Obedience brings health Exodus 15:26
It takes hard work, dedication, patience and will power to get healthy. But once one learns HOW to properly eat, it can become an integral part of living.
“Dear friend I pray that you may enjoy good health and that all may go well with you, even as your soul is getting along well.” 3 John 1:2
“That is why many among you are weak and sick, and a number of you have fallen asleep”
1 Corin 11:30
Physical health connected to spiritual health
• Change your daily habits
• Reduce or eliminate alcoholic beverages. There are a lot of carbohydrates in the drinks we have during cocktail hour.
• Reduce or eliminate carbonated beverages.
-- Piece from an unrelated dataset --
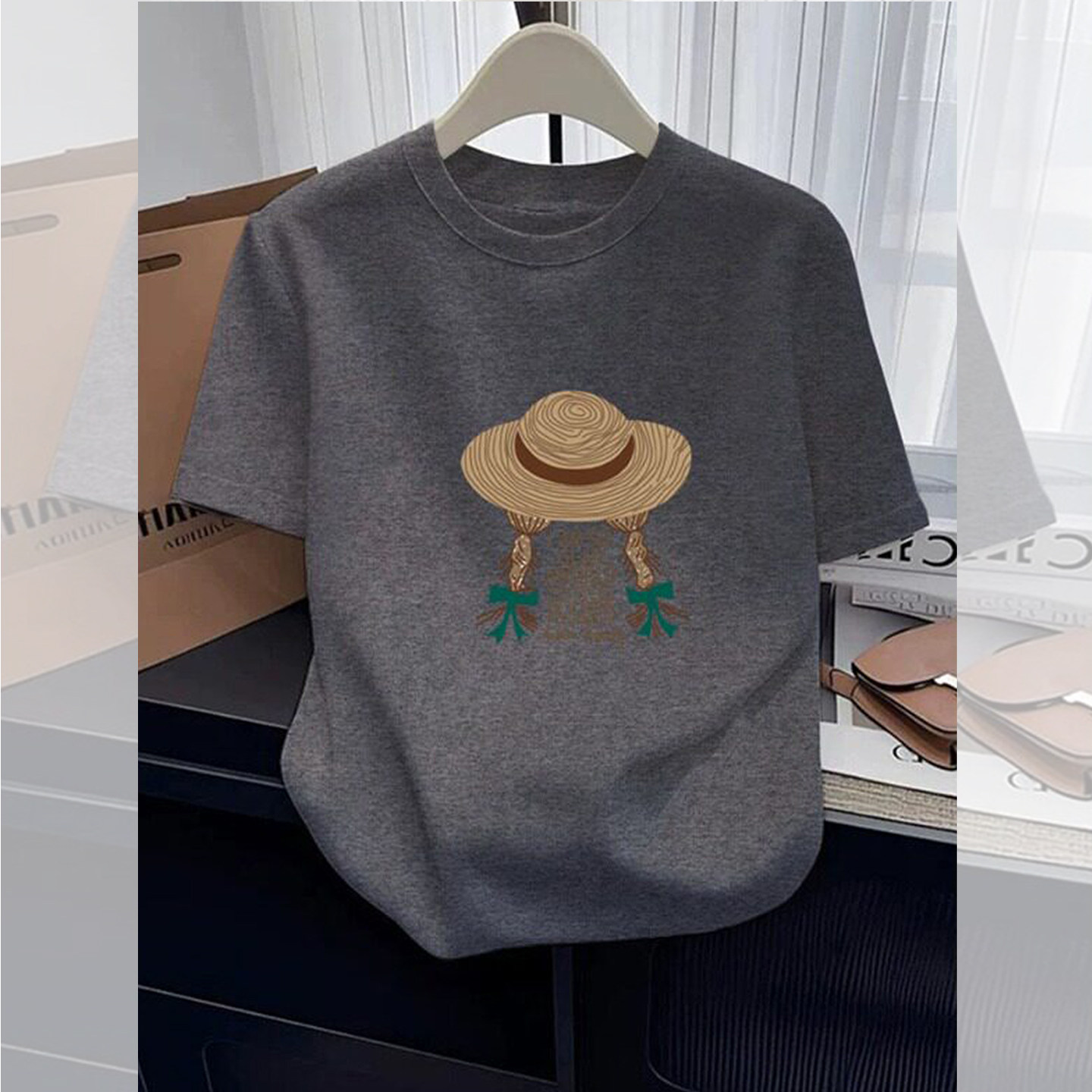 高端大牌深灰色正肩短袖T恤女夏季穿搭休闲时尚2026超火减龄上衣

Limit your soda intake.
• Consume more vegetables, proteins, grains, water and vitamin rich fruits (oranges, berries, bananas, etc.)
• Reduce cooking with and eating salt/sodium, sugar, flour and fats (especially fried foods)
• Increase cardiovascular activities (running, walking briskly, jumping rope, swimming, etc.).
• Get more exercise by incorporating it into your daily activities. Park further from the door, lift the cans in the kitchen to get toner arms, jump rope, walk the dog more or just walk more period.
• Reduce or eliminate consuming large portions
• Reduce or eliminate consuming red meat, organ meat, and/or processed meat
• Reduce or eliminate the consumption of processed foods in general (no more government cheese or Velveeta cheese product). Ummm hmmm that’s right cut out all that Macaroni and cheese at every get together!!!! Make a salad instead.
• Stop eating at the carry out. It will also save you a lot of money for actual groceries!
• Go grocery shopping and select healthier foods.
• Make it fun! Get your folks in on the healthy kick. Show them that you really love them by sharing new recipes, working out together or going motivation shopping (basically window shopping for the things you are going to buy once you lose the goal weight).